Learning from Talk to Me in Korean

While browsing the Language Learners forum, someone posted something that led me to this site - Talk to Me in Korean.

I didn't listen to any of their Soundcloud lessons, but I've started to read through the content and it's a good grammar revision for my upcoming test.

I learnt that 이, 그, 저 can be attached before any noun to say "this [noun]"/"that [noun]", so for example 이 커피 means "this coffee".

Plus, I learnt a new expression for expressing desires: -고 싶어요. (I want to...)

You remove the 다 from the verb's dictionary form and attach it to the 고, much like the construct for expressing events that happen in a sequence.

So to say that you want to watch (보다) televsion: 텔레비전을 보고 싶어요.

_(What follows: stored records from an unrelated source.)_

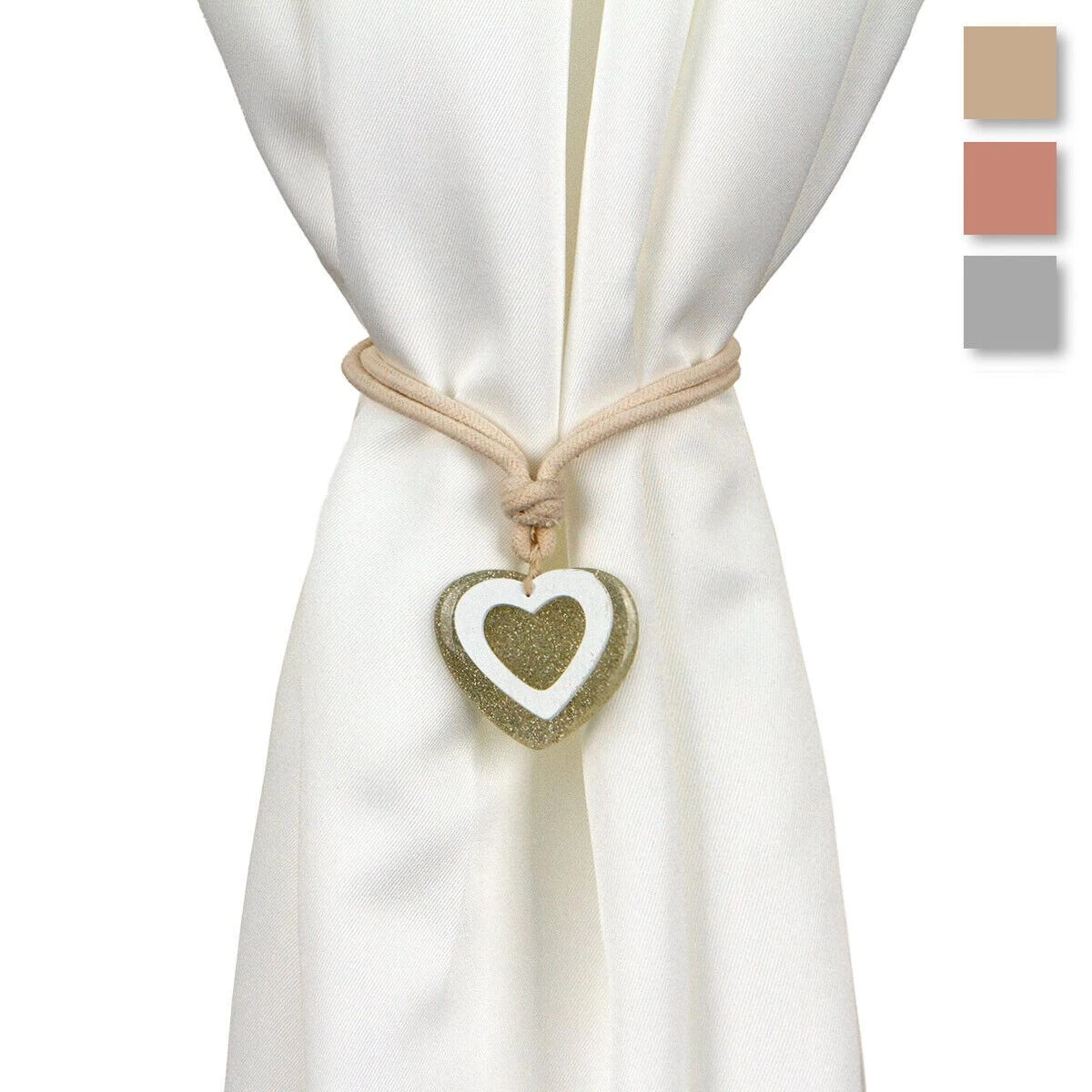 | Dettagli | La confezione contiene un fermatenda composto da: 1 nastro/laccio in corda intrecciata 1 decoro cuore in metallo con piccolo cuore sagomato in plastica trasparente Chiusura con asola Ideale per raccogliere le tende o creare drappeggi |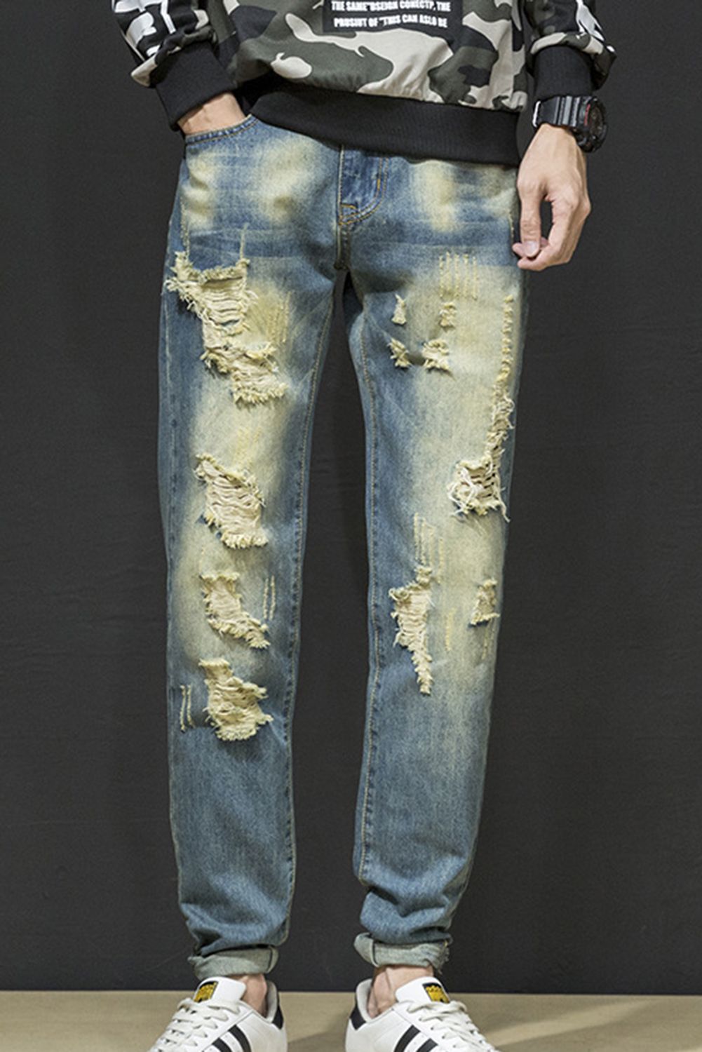 Distressed Wash Buttoned Straight Leg Men's Jeans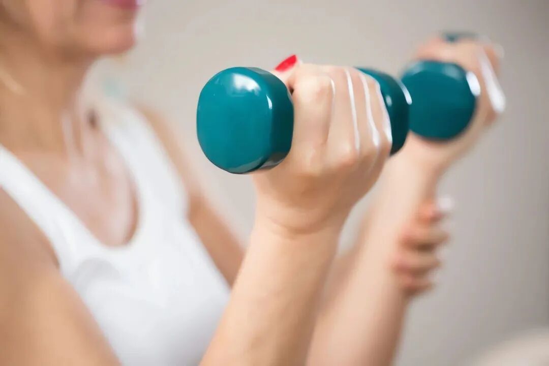 锻炼部位:肩部、手臂、握力好处:增强上肢功能,维持自理能力,改善心肺关联指标做法:手持矿泉水瓶等重物,缓慢上举、下放,每组 15~20 次。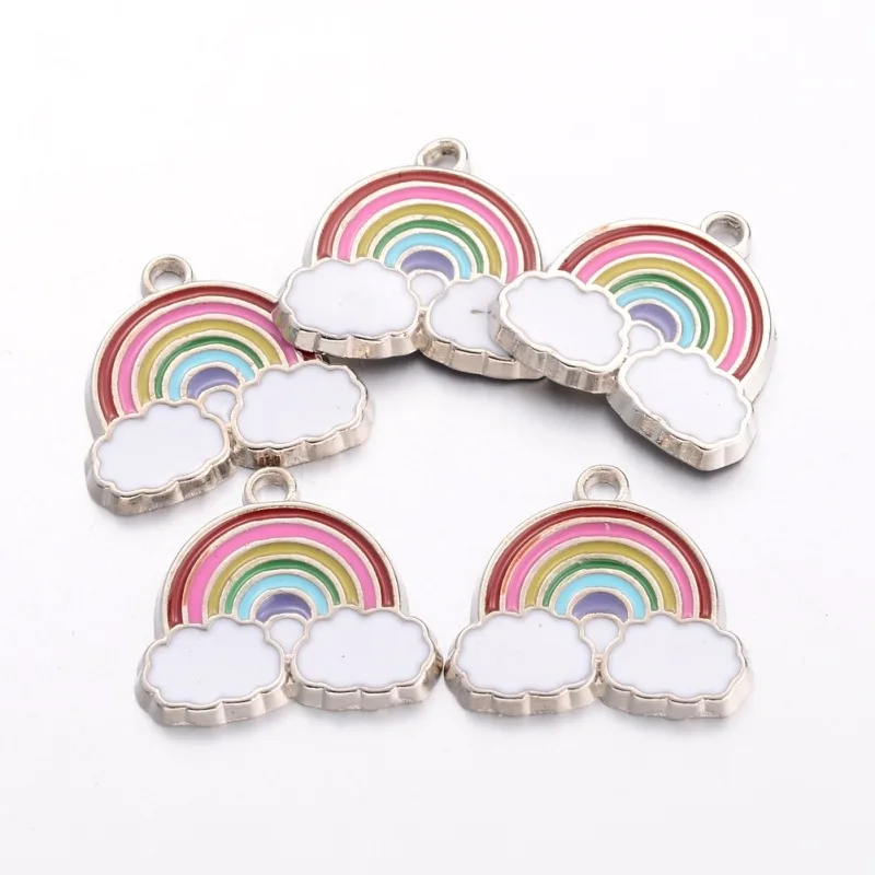 100pcs Rainbow Cloud Shape Alloy Enamel Pendants Charms for Jewelry Making DIY Bracelet Necklace 17.5x19x1.6mm Hole: 2mm
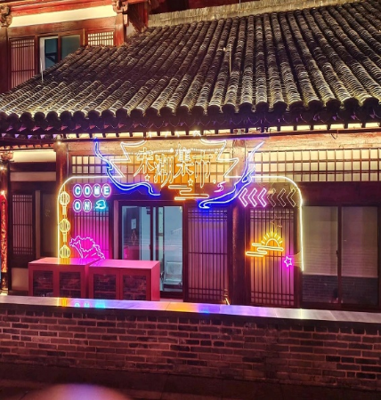 第3️站 宋街。宋街上空布置满了宋词名句,晚上亮灯后会更有意境。是拍照打卡的绝佳之地!

I was wondering when we'd learn modal verbs in Korean... well, who know when that's in the book.

I've noticed that the site taught the particles much later on (and only the subject/topic particles, though they do explain the differences in emphasis), so their example sentences all didn't have the object particle. The sentence was given as 텔레비전 보고 싶어요.

I find the romanisation for everything (every Korean word or sentence) super distracting, but I guess if it's targeted at beginners and this is Level 1 and they don't apparently teach the alphabet... then that's probably why.